Meanwhile, if depth writes are not enabled then Early-Z is totally compatible with shader discard. For that case the depth buffer doesn’t need to be updated, so it’s completely safe to perform the depth test early and cull the pixel shader before it runs. This means that discard can be used freely as an optimization in particles and other transparent draws without worrying about affecting Early-Z.
One very important thing to note is that the implications to Early-Z apply as long as your compiled shader instruction stream contains any discard at all! This is still true even if no pixel ever ends up being discarded, since the driver must make decisions about Early-Z up-front before actually running your shader. Therefore a runtime branch on a constant or uniform to avoid a discard can still have Early-Z implications even if that branch is never taken.

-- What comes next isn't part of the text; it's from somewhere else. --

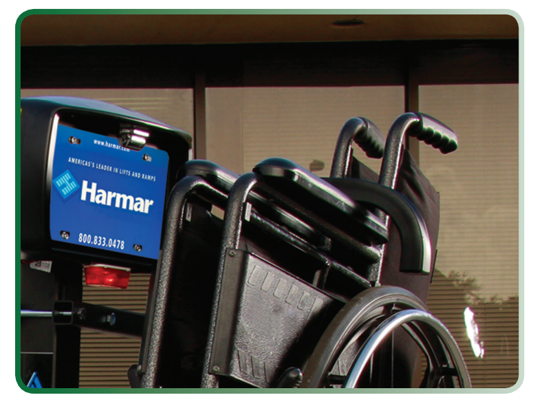
Adjustable hold-down arm safely secures wheelchair for transport.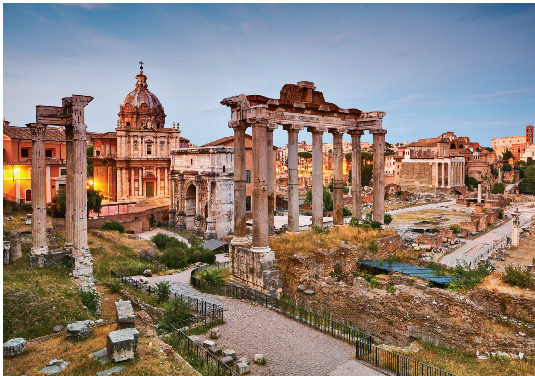
The Roman Forum dates to the 7 th century BCE.

Day 7: Rome This morning we tour the heart of ancient Rome: the 55,000-seat Colosseum, built in 72 CE to stage gladiator spectacles; and the temples of the Forum, ancient Rome's political and legal center. The afternoon is free to explore on our own; the possibilities endless: shopping along the fashionable Via Veneto; sipping espresso in beautiful Piazza Navona; seeing the Pantheon, the city's best preserved ancient building; tossing a coin into Trevi Fountain; or visiting any number of renowned museums and churches. B

It’s also worth noting that exporting coverage from the pixel shader via SV_Coverage
/gl_SampleMask
has exactly the same implications as performing a discard
, so the same rules apply in terms of Early-Z.
Pixel Shader Depth Export
Typically the depth value used for depth testing is generated by interpolating Z from the triangle vertices. However pixel/fragment shaders also have the ability to fully “override” this depth value if they choose to. In HLSL this is done with the SV_Depth
attribute, whereas in GLSL you make use of the gl_FragDepth
global. Depth export can be a useful tool, but it naturally creates issues for Early-Z. Short of being able to see into the future, there’s simply no way for the hardware to know what the depth value is going to be without executing the pixel shader. Thus the hardware has no choice but to fall back to Late-Z for any shaders that manually export a depth value. Notably the situation is the same regardless of whether or not depth writes are enabled: in both cases Late-Z is the only safe option that respects the logical pipeline. We can confirm this behavior with our testing app:
Conservative Depth Export
D3D11 later added variants of depth export that are collectively known as conservative depth export. These variants allow you to add a constraint on the depth value output by the pixel shader in the form of an inequality. For example, SV_DepthGreaterEqual
allows you to generate a depth value with the constraint that it must be greater than or equal to the “natural” pixel depth that was calculated by interpolating the triangle vertex positions. The reason these exist is that this constraint can potentially allow the hardware to safely enable a degree of Early-Z functionality despite the final depth not being known until the pixel shader executes. For that to occur, the inequality has to “oppose” the inequality used as part of the depth render state. Returning to our SV_DepthGreaterEqual
example: let’s say we have depth writes disabled but depth testing enabled with a LESS_EQUAL
depth function. In this scenario the driver and hardware can determine that the pixel shader can only increase the natural depth from interpolation, which means that if the natural depth fails the depth test the pixel will always fail no matter the results of the shader. Therefore the pixel shader can be safely culled with no visible effect on the outputs. This is very similar to the situation for shader discard, where Early-Z can also be enabled for this case since the shader can’t invalidate the results of the Early-Z test.
Just as with discard
, things get more complicated when depth writes are combined with conservative depth export. In this case depth writes can’t be committed before the pixel shader runs, since the final depth value isn’t known yet. Therefore it must be postponed until the Late-Z stage. Potentially the hardware can still perform an Early-Z cull as it does for the discard case, assuming it’s capable of such a thing. On such hardware conservative depth export retains an advantage over arbitrary depth export even when depth writes are enabled, with the same caveats about reduced Early-Z culling rates that apply for discard. We can confirm this in our testing app:
Here we very early end up with the full 648000 shader invocations, which is actually even worse than what we encountered with discard. Forcing a barrier once again gives us an almost-perfect culling rate:
UAVs/Storage Textures/Storage Buffers
Buckle up everyone, because this is where things get even more complicated. As I alluded to earlier, pixel shaders that make use of arbitrary writes to textures or buffers will also cause the hardware to switch to Late-Z. The underlying assumption made by drivers that enable Early-Z is that the pixel shader is a “pure” function with well-defined outputs and no side effects. Writes to UAVs/storage buffers/storage textures violate these assumptions, since by nature they are side effects of running the shader. Faced with such a shader, drivers have no choice but to fall back to using Late-Z so that depth testing does not affect the values written to the UAVs.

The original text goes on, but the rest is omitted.